WHAT TO PRODUCE → Of the lines in the material below, print only those from the one containing "近日,全市党规党纪和监察法规" to the one containing "I spent a lot", ends included, exactly as written and without pictures.

SUPPLIED RECORDS →
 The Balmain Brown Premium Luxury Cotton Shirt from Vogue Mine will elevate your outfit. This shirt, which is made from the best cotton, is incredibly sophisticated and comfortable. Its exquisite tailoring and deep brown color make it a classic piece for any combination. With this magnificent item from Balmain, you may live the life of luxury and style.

---

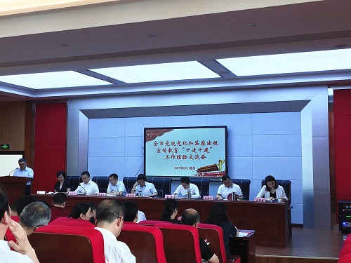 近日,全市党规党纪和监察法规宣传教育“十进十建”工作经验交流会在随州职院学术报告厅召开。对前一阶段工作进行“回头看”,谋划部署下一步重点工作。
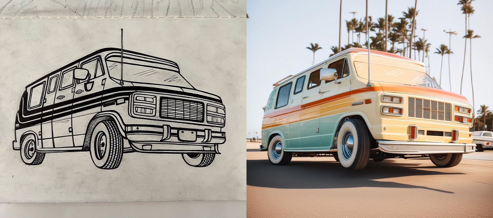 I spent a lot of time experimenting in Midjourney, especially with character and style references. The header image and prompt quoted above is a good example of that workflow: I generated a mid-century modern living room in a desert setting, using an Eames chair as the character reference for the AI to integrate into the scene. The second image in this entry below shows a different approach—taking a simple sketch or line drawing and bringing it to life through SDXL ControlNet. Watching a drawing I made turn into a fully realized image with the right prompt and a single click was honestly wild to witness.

SOLUTION FOR THIS EXERCISE →
 近日,全市党规党纪和监察法规宣传教育“十进十建”工作经验交流会在随州职院学术报告厅召开。对前一阶段工作进行“回头看”,谋划部署下一步重点工作。
 I spent a lot of time experimenting in Midjourney, especially with character and style references. The header image and prompt quoted above is a good example of that workflow: I generated a mid-century modern living room in a desert setting, using an Eames chair as the character reference for the AI to integrate into the scene. The second image in this entry below shows a different approach—taking a simple sketch or line drawing and bringing it to life through SDXL ControlNet. Watching a drawing I made turn into a fully realized image with the right prompt and a single click was honestly wild to witness.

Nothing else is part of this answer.